● **Assigned task**: In the listing below, find the line containing "Из-за более драматичного" and the line containing "Porcelain Cup - Pure". Repeat exactly those two lines and every line between them, nothing more.

● **Data to examine**:

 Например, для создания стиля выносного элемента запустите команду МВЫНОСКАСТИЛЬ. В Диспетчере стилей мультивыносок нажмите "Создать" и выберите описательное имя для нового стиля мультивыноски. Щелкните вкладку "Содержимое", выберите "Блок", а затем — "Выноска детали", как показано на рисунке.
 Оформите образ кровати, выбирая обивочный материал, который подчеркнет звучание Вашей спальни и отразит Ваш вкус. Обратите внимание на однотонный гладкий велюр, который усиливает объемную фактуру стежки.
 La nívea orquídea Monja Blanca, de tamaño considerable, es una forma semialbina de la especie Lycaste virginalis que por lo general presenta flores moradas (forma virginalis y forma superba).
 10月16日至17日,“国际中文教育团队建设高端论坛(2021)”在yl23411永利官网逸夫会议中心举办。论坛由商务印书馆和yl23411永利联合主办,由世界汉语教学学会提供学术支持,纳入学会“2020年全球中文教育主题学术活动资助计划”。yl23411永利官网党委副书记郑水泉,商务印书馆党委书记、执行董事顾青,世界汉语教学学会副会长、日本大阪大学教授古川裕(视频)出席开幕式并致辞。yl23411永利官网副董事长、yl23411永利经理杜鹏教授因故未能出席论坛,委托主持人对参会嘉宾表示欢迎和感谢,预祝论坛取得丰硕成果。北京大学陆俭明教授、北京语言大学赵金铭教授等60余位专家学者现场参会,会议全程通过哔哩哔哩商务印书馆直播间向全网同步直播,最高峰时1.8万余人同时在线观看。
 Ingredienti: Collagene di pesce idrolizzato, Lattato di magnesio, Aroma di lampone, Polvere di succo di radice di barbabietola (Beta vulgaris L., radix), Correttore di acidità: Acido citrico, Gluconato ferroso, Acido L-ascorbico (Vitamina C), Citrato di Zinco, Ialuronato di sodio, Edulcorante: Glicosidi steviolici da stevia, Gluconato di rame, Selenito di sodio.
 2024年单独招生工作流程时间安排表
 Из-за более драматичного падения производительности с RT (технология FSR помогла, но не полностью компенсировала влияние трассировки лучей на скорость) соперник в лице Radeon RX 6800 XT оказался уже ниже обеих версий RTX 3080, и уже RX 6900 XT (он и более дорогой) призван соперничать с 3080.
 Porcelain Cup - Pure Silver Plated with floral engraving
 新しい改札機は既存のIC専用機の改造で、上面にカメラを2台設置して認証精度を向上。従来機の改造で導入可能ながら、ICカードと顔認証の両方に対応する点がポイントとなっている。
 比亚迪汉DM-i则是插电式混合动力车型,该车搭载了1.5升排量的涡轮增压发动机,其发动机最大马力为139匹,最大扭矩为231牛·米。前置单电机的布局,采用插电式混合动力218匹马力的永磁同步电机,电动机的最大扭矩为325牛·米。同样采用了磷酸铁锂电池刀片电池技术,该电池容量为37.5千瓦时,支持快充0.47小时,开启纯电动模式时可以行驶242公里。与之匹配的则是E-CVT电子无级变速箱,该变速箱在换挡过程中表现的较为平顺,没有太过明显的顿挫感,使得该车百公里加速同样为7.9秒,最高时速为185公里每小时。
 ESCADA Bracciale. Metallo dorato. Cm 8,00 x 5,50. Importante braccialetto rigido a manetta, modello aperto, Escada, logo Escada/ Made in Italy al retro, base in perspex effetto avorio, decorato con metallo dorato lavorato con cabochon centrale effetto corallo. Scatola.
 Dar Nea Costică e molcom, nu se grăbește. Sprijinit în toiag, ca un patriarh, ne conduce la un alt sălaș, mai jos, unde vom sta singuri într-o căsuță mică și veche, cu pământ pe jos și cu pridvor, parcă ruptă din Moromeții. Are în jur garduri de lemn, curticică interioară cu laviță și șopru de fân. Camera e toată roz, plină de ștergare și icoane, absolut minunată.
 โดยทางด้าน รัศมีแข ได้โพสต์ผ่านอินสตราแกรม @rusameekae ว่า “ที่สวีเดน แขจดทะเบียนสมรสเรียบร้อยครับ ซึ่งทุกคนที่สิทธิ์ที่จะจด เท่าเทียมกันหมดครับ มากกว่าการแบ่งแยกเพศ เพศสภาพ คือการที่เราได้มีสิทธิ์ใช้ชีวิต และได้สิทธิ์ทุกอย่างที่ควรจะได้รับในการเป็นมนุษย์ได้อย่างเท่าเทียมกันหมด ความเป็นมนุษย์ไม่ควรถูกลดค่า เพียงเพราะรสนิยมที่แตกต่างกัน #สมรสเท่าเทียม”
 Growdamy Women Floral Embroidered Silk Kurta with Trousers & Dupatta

● **Response to this task**:
 Из-за более драматичного падения производительности с RT (технология FSR помогла, но не полностью компенсировала влияние трассировки лучей на скорость) соперник в лице Radeon RX 6800 XT оказался уже ниже обеих версий RTX 3080, и уже RX 6900 XT (он и более дорогой) призван соперничать с 3080.
 Porcelain Cup - Pure Silver Plated with floral engraving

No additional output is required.